**Work order:**
Print exactly what appears from the line containing "التكاثف للسحب واضح" through the final line of the data below, pictures excluded.

:: Records shown ::

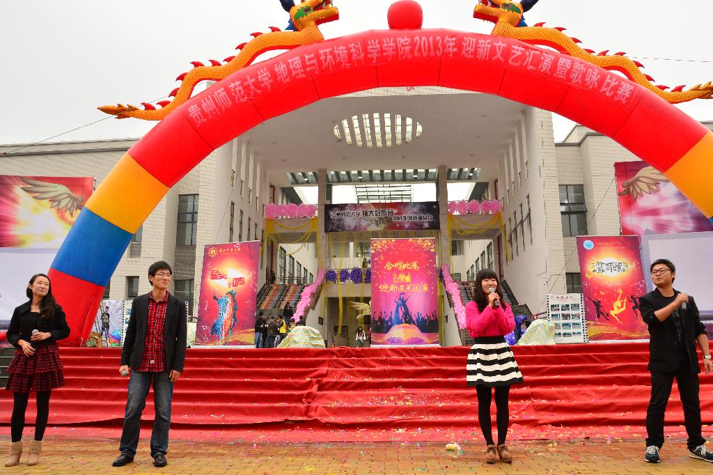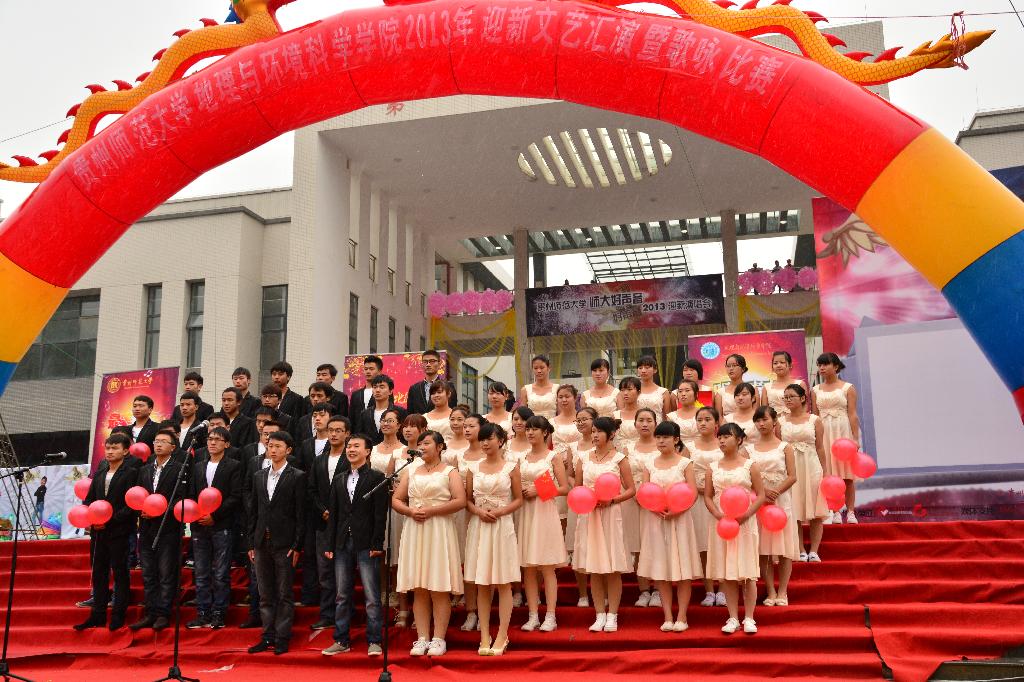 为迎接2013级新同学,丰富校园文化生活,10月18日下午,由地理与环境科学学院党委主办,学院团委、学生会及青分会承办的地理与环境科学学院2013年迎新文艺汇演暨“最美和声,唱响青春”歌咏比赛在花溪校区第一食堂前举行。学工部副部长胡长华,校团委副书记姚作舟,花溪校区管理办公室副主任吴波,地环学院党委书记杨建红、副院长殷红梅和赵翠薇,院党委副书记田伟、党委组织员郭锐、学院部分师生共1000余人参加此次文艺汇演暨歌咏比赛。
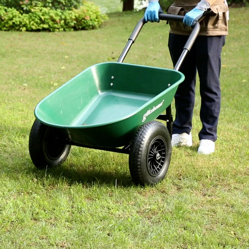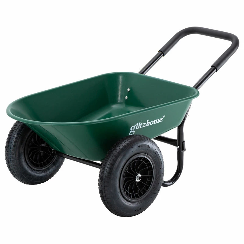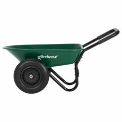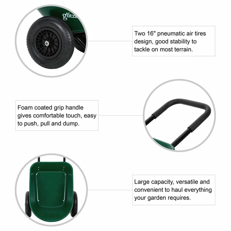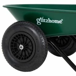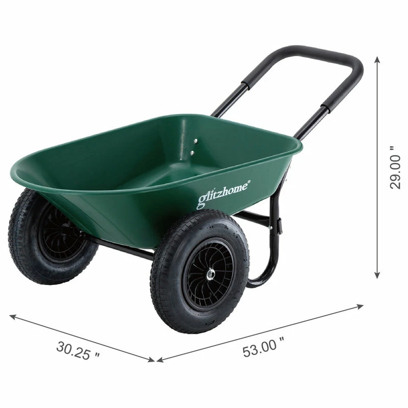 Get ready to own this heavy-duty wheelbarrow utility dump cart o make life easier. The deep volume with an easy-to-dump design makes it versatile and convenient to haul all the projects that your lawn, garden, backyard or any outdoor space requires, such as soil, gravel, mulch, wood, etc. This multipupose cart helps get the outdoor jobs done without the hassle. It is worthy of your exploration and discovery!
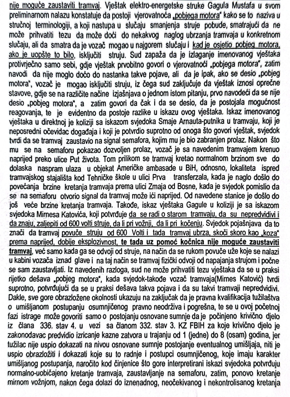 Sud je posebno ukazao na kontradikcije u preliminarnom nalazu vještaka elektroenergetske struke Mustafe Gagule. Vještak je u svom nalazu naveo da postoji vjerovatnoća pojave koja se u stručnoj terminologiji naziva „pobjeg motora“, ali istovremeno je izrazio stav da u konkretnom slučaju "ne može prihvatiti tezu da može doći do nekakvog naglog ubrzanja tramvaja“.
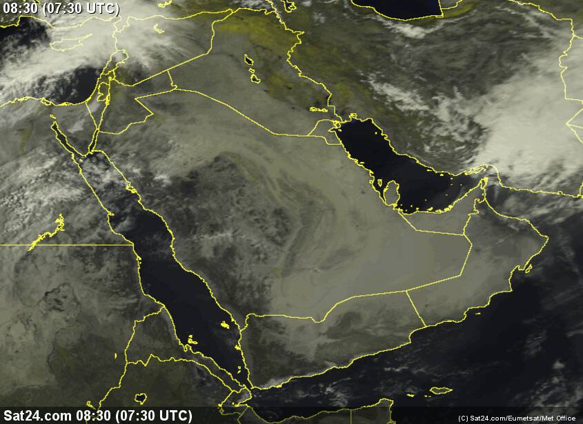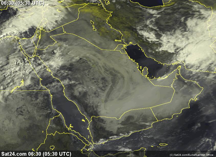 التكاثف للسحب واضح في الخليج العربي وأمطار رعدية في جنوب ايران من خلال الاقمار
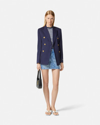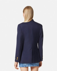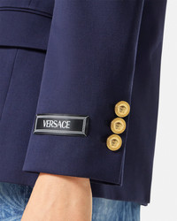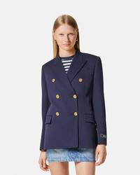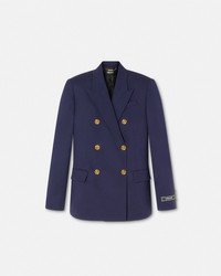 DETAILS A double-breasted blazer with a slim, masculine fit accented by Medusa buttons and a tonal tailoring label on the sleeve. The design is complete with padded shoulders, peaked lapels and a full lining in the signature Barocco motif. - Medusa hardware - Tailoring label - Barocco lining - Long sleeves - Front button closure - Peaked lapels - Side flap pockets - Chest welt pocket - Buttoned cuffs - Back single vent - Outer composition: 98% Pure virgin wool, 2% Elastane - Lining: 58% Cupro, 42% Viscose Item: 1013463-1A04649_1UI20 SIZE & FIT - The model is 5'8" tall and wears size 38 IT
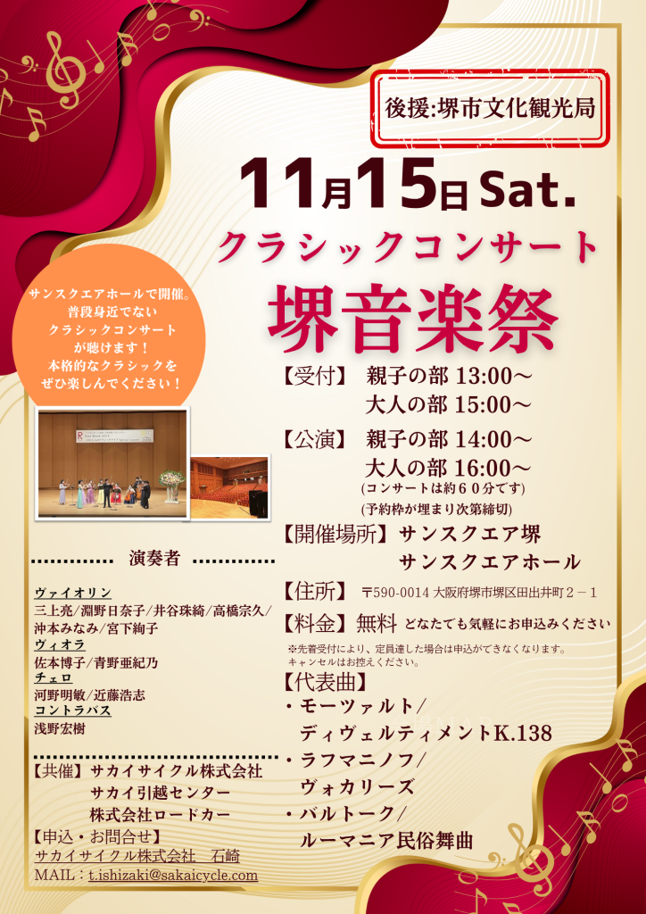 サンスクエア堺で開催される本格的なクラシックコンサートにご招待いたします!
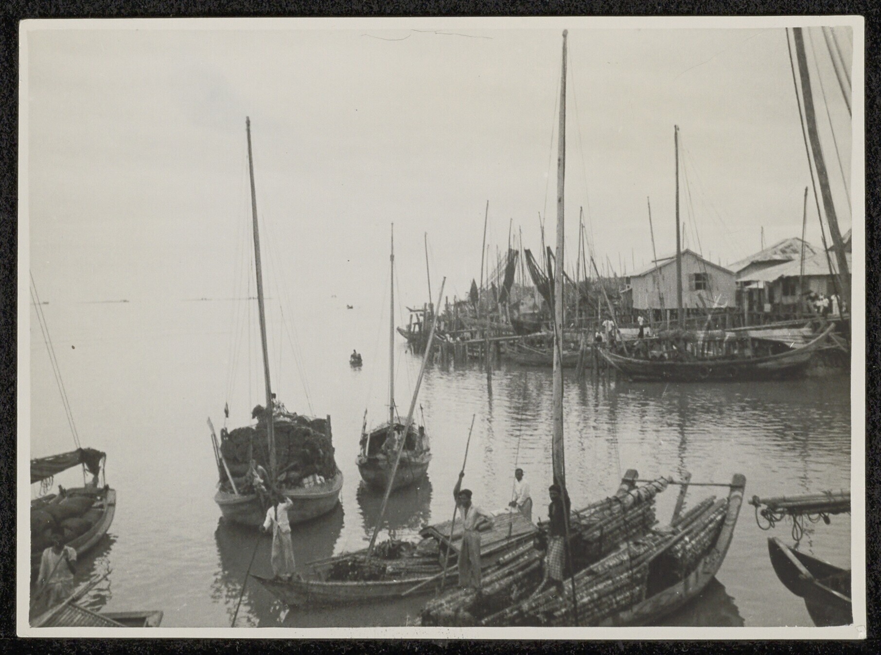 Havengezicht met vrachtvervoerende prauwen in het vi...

:::

**Final answer:**
 التكاثف للسحب واضح في الخليج العربي وأمطار رعدية في جنوب ايران من خلال الاقمار
 DETAILS A double-breasted blazer with a slim, masculine fit accented by Medusa buttons and a tonal tailoring label on the sleeve. The design is complete with padded shoulders, peaked lapels and a full lining in the signature Barocco motif. - Medusa hardware - Tailoring label - Barocco lining - Long sleeves - Front button closure - Peaked lapels - Side flap pockets - Chest welt pocket - Buttoned cuffs - Back single vent - Outer composition: 98% Pure virgin wool, 2% Elastane - Lining: 58% Cupro, 42% Viscose Item: 1013463-1A04649_1UI20 SIZE & FIT - The model is 5'8" tall and wears size 38 IT
 サンスクエア堺で開催される本格的なクラシックコンサートにご招待いたします!
 Havengezicht met vrachtvervoerende prauwen in het vi...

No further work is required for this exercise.